A new endeavor that gives me hope in the face of all this mythological development, consumerism, and ambivalence comes in the form of a self-sustaining vegan eco-village based on a gift economy, named Eotopia. Conceptualized in large part by Raphael Fellmer and Nieves Palmer—a German couple who has thrived living completely without money for over a year now—Eotopia defines four main objectives of the project: creating a sustainable village through permaculture, reuse and recycling, self-sufficiency, and a vegan diet; forming a functional gift-economy; providing a system of free education; and cultivating a community of love, trust, and personal change. Eotopia currently lies in the beginning stages, seeking both community members and a viable piece of land on which to construct the community, but has laid out a timeline that expects to achieve 50-100% self-sufficiency by late 2015. Ideally, I would love to participate in such a community in my future life, but that will have to wait at least another two years until I wave goodbye to Vassar.
To provide some levity on this weighty, thought-provoking topic, I give you, dear readers, a plate-lickingly scrumptious recipe that puts the “reuse” part of intentional living in action by employing the sweetened condensed coconut milk leftover from making my famous holiday “butter” pecan rum balls. Enjoy.
Brussels Sprouts & Sunchokes in Green Curry Sauce—Soy Free, Nut Free, Low Sodium.
3/4 lb brussels sprouts, trimmed and quartered
1/2 lb sunchokes (aka jerusalem artichokes), scrubbed and cut into small chunks
1 tbsp coconut oil, melted
1 can full-fat coconut milk, refrigerated overnight (be careful not to shake during or after refrigeration)
5 tbsp green curry paste (about 3/4 of a jar of Thai Kitchen brand)
1 tbsp maple syrup (optional)
Preheat the oven to 400°F.
In a medium-sized mixing bowl, toss the brussels sprouts and sunchokes with the melted coconut oil. Roast for 20 minutes.
Meanwhile, open the can of refrigerated coconut milk, taking care not to shake it. Scoop only the top layer of coconut cream into a medium-sized saucepan over medium heat, saving the coconut water at the bottom of the can for a later use (great for smoothies!). Add the curry paste and the maple syrup (if using) to the saucepan with the coconut cream, and gently stir the ingredients together as they melt. Allow the sauce to simmer while the veggies roast.

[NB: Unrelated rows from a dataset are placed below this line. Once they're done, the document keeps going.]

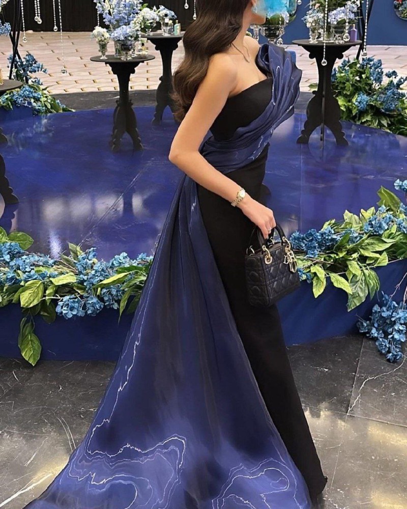 اسم الموديل/ فستان سهرة اسود مع شال كحلي لامع
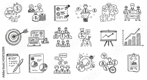 A dynamic collection of hand-drawn business icons depicting teamwork, growth, strategy, and financial success with simple line art style.
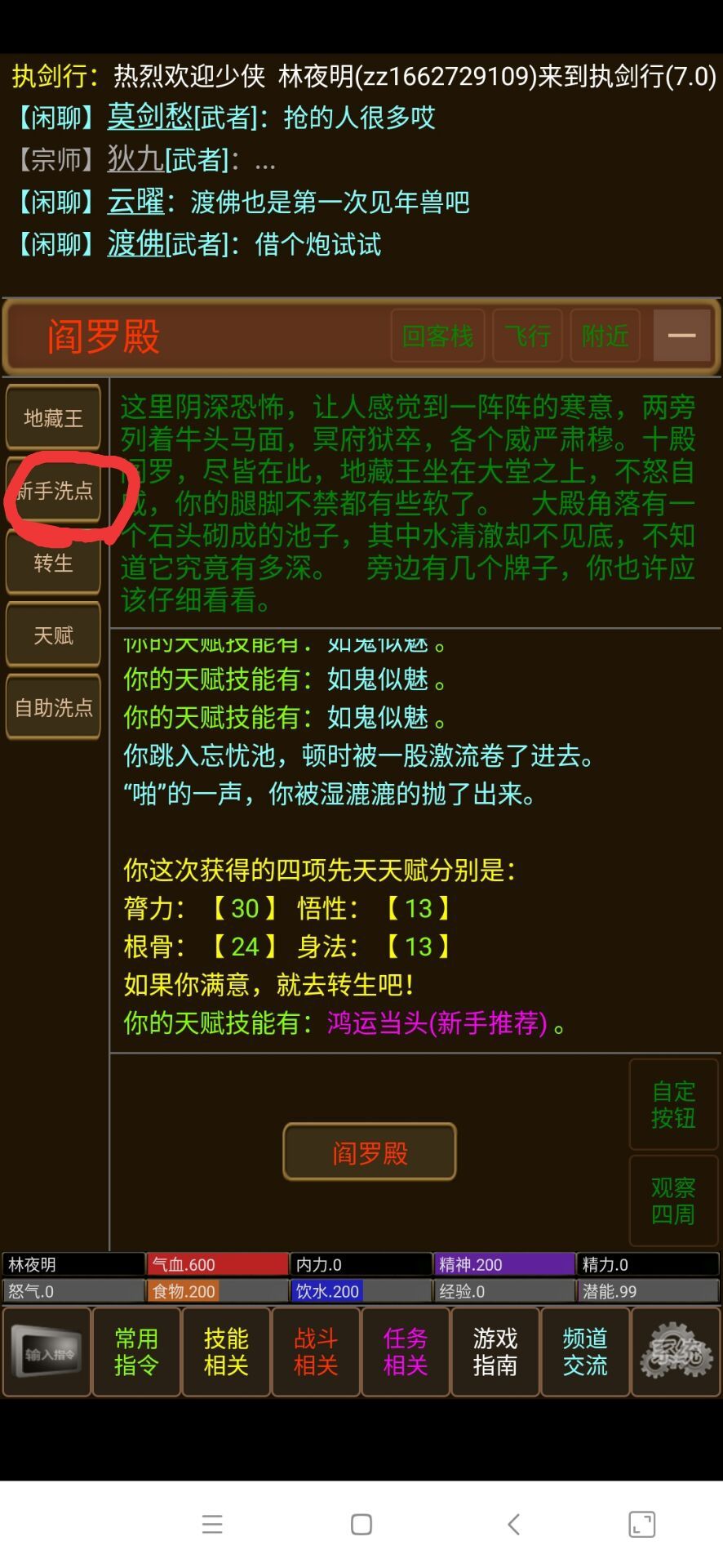 到了投胎界面,点击第二个选项:新手洗点。[推荐臂力流]打的就是无脑,血刀打的是一套,一个技能就没了。臂力:攻击力身法:闪避根骨:血量悟性:学的更快
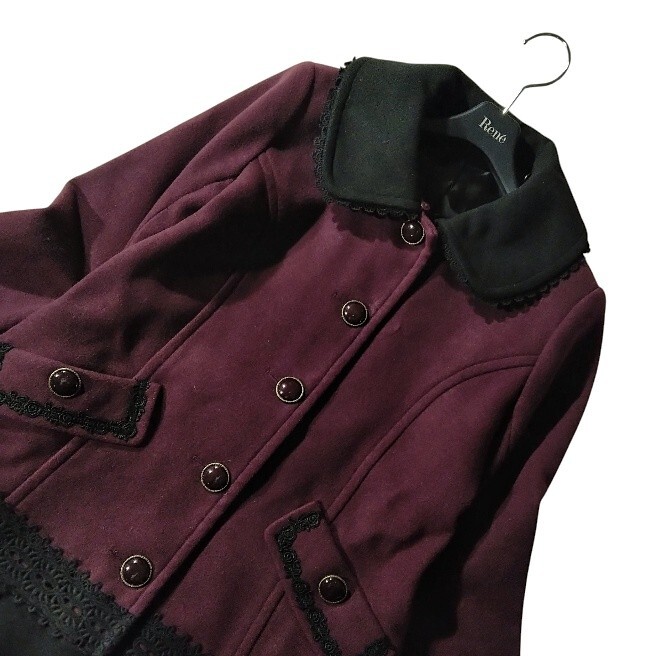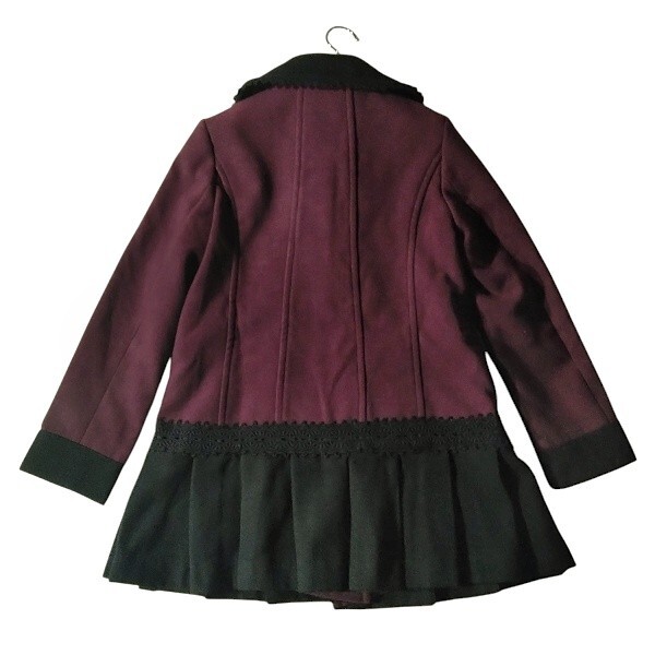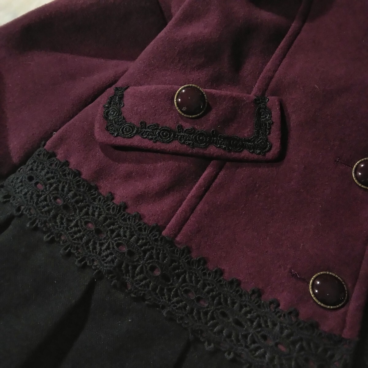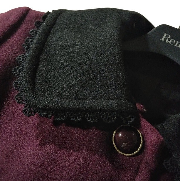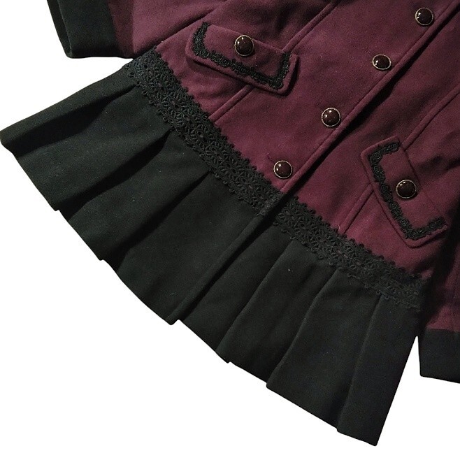 ダークめのパープルカラーとブラックのバイカラーデザインがアンティーク感あるコートになります
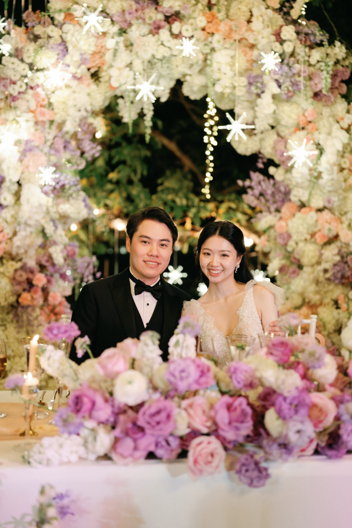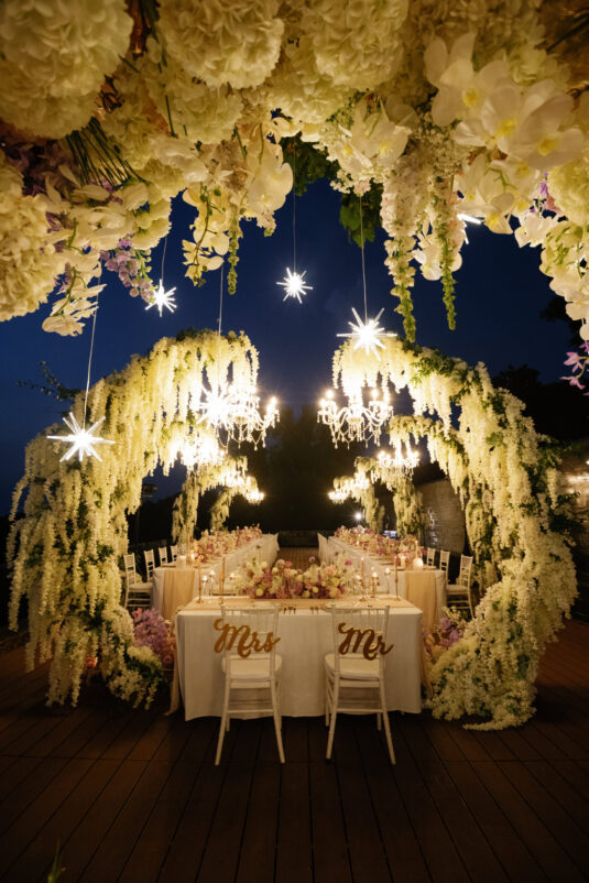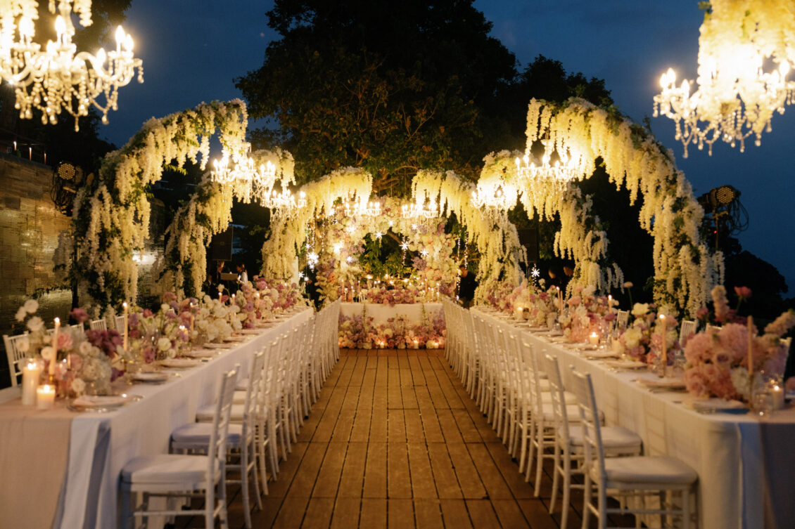 . Beneath a canopy of cascading blooms and sparkling chandeliers, guests dined at long tables filled with soft florals, flickering candles, and laughter that echoed through the night. The sweetheart table, framed by yet another enchanting floral arch, was the perfect setting for heartfelt toasts and unforgettable speeches.

Once the veggies are tender and nicely browned, add them to the saucepan. Stir together and allow to simmer gently until the sauce has thickened slightly, about 10-15 minutes. Serve.
Until next time, Ali.
Macy, Joanna and Chris Johnstone. Active Hope: How to Face the Mess We’re in Without Going Crazy. Novato, CA: New World Library, 2012. Print.
Shiva, Vandana. Staying Alive: Women, Ecology, and Development. London: Zed Books, 1989. Print.